YouGov polling on 6-7 April placed Labour and the Green Party level at 16% each, with Reform UK leading on 24% and the Conservatives on 19% 1. It is the first time in the modern history of British polling that Labour and The Greens have drawn level. A week earlier, YouGov's 29-30 March survey put The Greens one point ahead at 19% to Labour's 18%.
On the right, Reform has absorbed Conservative voters for two years. On the left, the same process is now visible: Green membership has tripled to 220,000 since Zack Polanski won the leadership in September 2025, and the party's Gorton and Denton by-election win on 26 February proved it could take Labour seats in northern England as well as the south. Hannah Spencer won with 40.7% of the vote; Reform came second with 10,578; Labour third with 9,364.
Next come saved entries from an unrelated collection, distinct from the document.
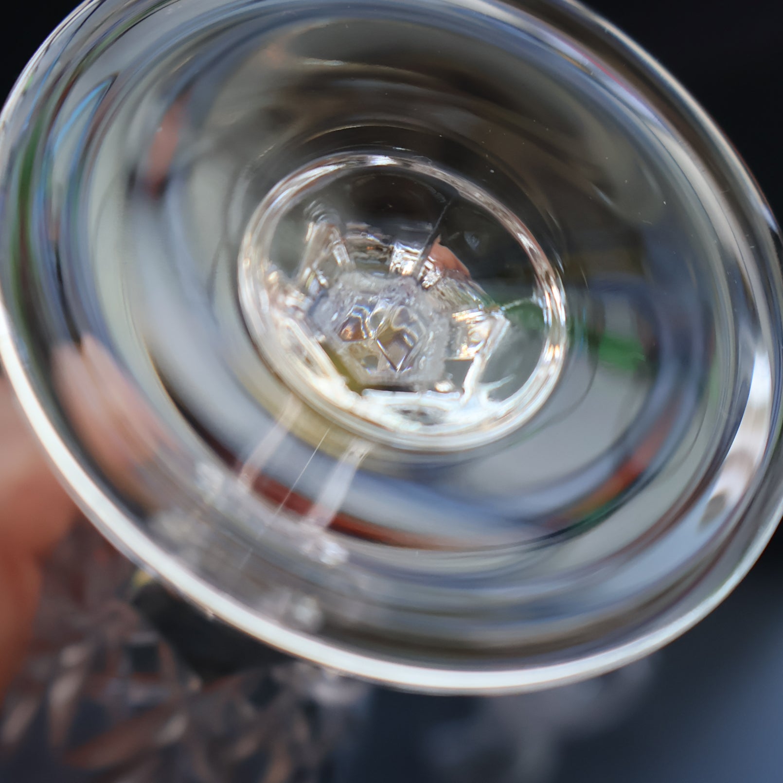 The bowl is a pretty shape with a fan and criss cross pattern on the bowl. I love the little faceted bobble at the top of the stem and the fluted stem. The foot is clear without decoration.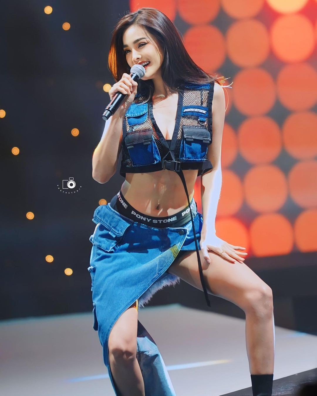 Hoa hậu Hòa bình Thái Lan 2022 Engfa Wahara mặc áo ngực màu đen, kết hợp với quần jeans ống xuông. Cô vốn là ca sĩ chuyên nghiệp nên có phong cách biểu diễn tự tin trên sân khấu. (Đọc chi tiết)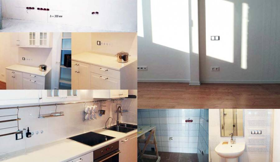 Ведь именно в этом помещении используется максимальное количество приборов. Поэтому вам не только нужно рассчитать оптимальную высоту расположения розеток и выключателей, но и определить их количество и места, где они будут расположены.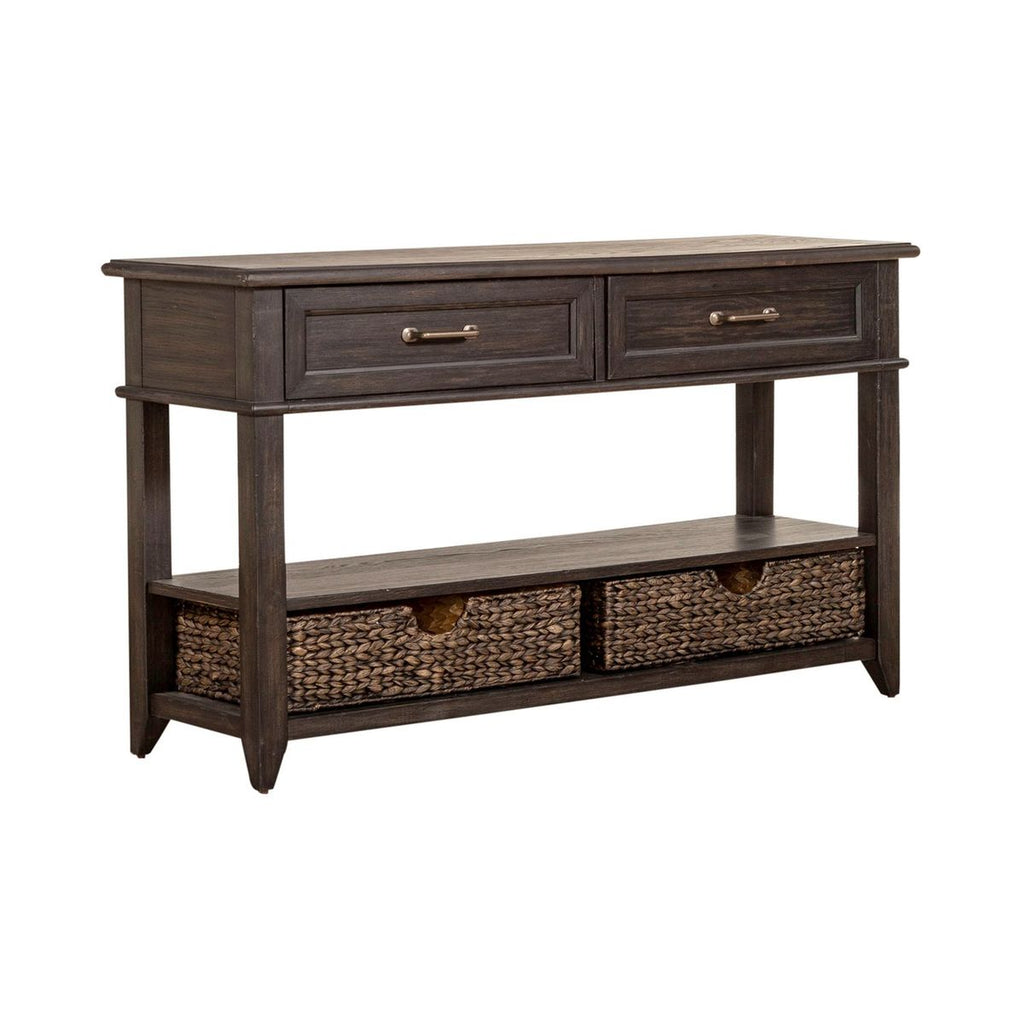 Liberty Furniture Mill Creek 2 Drawer Sofa Table in Peppercorn 792-OT1030. Designed to last throughout the years, the Mill Creek two drawer sofa table will delight generations to come. Crafted with excellence using rubberwood solids and split heart white oak veneers, this piece features a Peppercorn finish. There are two full extension drawers with wood framed drawer fronts that are accented with Burnished Brass bar pull hardware. The beveled edge of the drawer fronts add visual interest. Use the two open bottom shelves for storage or display, complete with two Sea Grass Rope baskets. Bead molding runs along the center of the table to give it a distinct style and block legs flow into tapered feet to catch the eye. The Mill Creek two drawer sofa table offers lots of function in a classic, timeless design.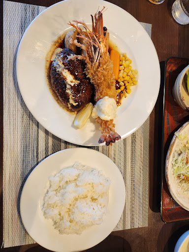 連れからハンバーグを貰う。 柔らかい!少し豚の匂いもあったけど、美味しい。 エビフライはぷりぷり。 ちゃんと噛めればそれぞれの味をもっと楽しめたのに😥
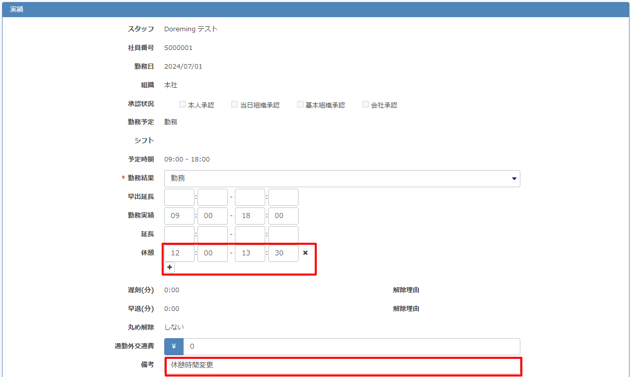 - 実績一覧に戻り、勤務時間、休憩時間、備考欄が更新されます。

Labour defends council seats won in 2022 on roughly 35% national support. It now polls at 16%, a near-halving. The PollCheck weighted average is marginally kinder: 17.8% for Labour against 16.9% for The Greens 2. Either way, the two parties are competing for the same voters in the same wards. The right-of-centre split between Reform UK and the Conservatives is now mirrored on the left, and the electoral system will punish the dispersed urban Green vote far more harshly than Reform's concentrated outer-suburban base.